The Vrizon is the underground river that goes through the commune.

Benet is located close to the A83 and A10 motorways, connecting the commune to some major cities, as Nantes (81 mi), Poitiers (61 mi), Bordeaux (120 mi), or Paris (266 mi). Benet is also situated 40 mi from the tourist city of La Rochelle.

==History==
- Benet was formerly named Benet-les-Noyers.
- Former seat of a canton until 1801–1802, Benet has ultimately integrated the Canton of Maillezais.
- The communes of Lesson, Aziré and Sainte-Christine merged with the commune of Benet in 1973.

==List of mayors==

| Period | Identity | Party |
|---|---|---|
| 2001 - 2023 | Daniel David | Socialist Party |
| 2023 - | Camille Fontaine |  |

==Demography==
Population data refer to the area corresponding with the commune as of January 2025.

==Monuments==
The Sainte-Eulalie Church, on the historical register, constitutes an unmissable stage in the tour of the Romance Churches and Abbeys of the region.

A few kilometres away, it is possible to visit the historic site of the Maillezais Cathedral.

A wind farm was created near Lesson in 2007, and several months later, a second was established 2 mi away from the first.

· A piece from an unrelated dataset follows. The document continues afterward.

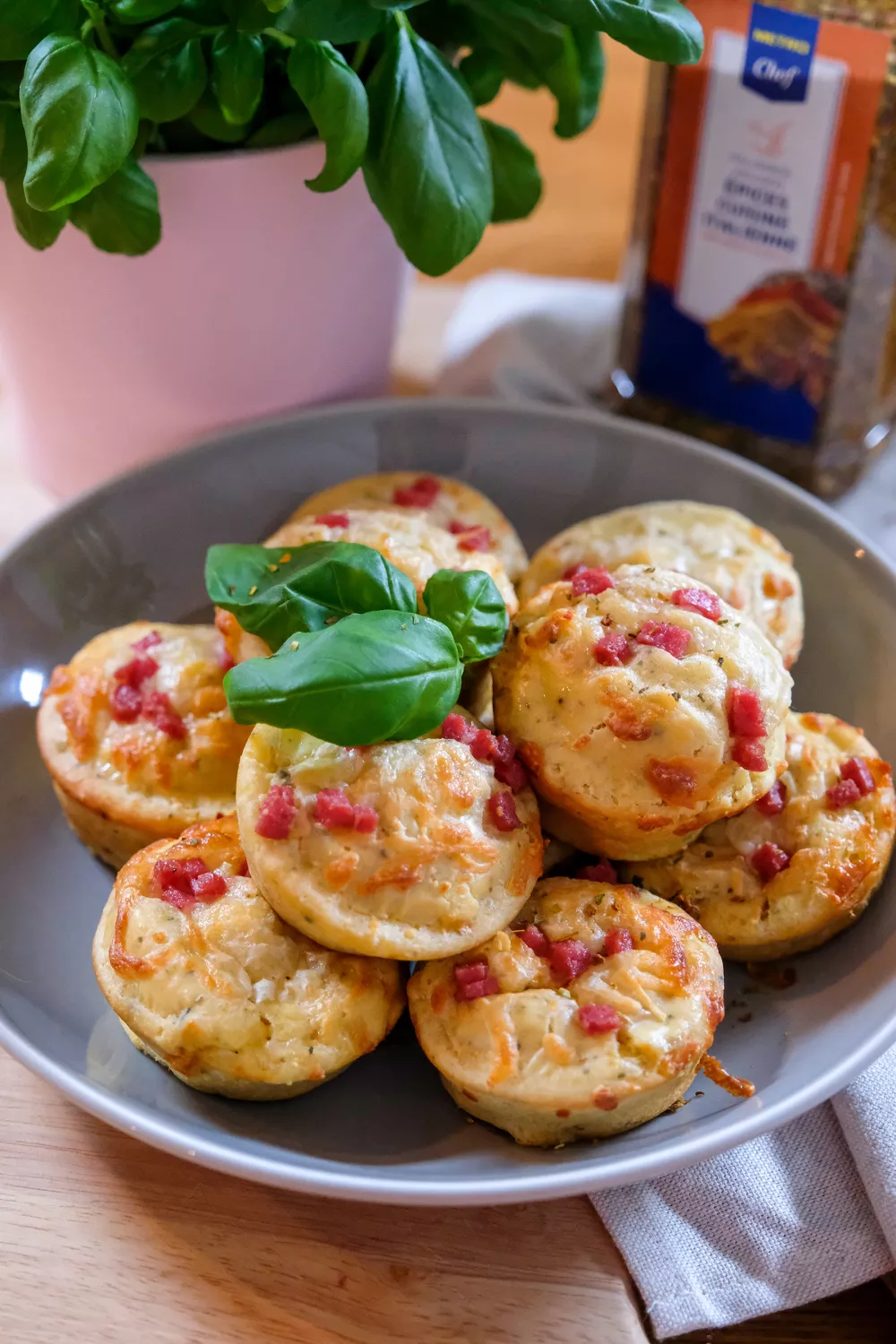Deze luchtige pizzamuffins combineren tomatensaus, gesmolten mozzarella en krokante salami tot een warme, hartige traktatie. Het eenvoudige beslag van bloem, eieren en melk wordt met Italiaanse kruiden op smaak gebracht en in de oven goudbruin gebakken. Ideaal als borrelhapje, snelle lunch of voor gezellige herfstige avonden.

A total of ten wind turbines overhang the commune.

==Notable people==

- Jean-Paul Ribreau (born 1957), former professional footballer

==Twin towns==
- GER Sundern, Germany

==Events==
- Each first Sunday of July, the "Fête du Préfou" is organized in the harbor of Aziré.
- In November, is organized the traditional "Foire aux alouettes" (Lark Fair).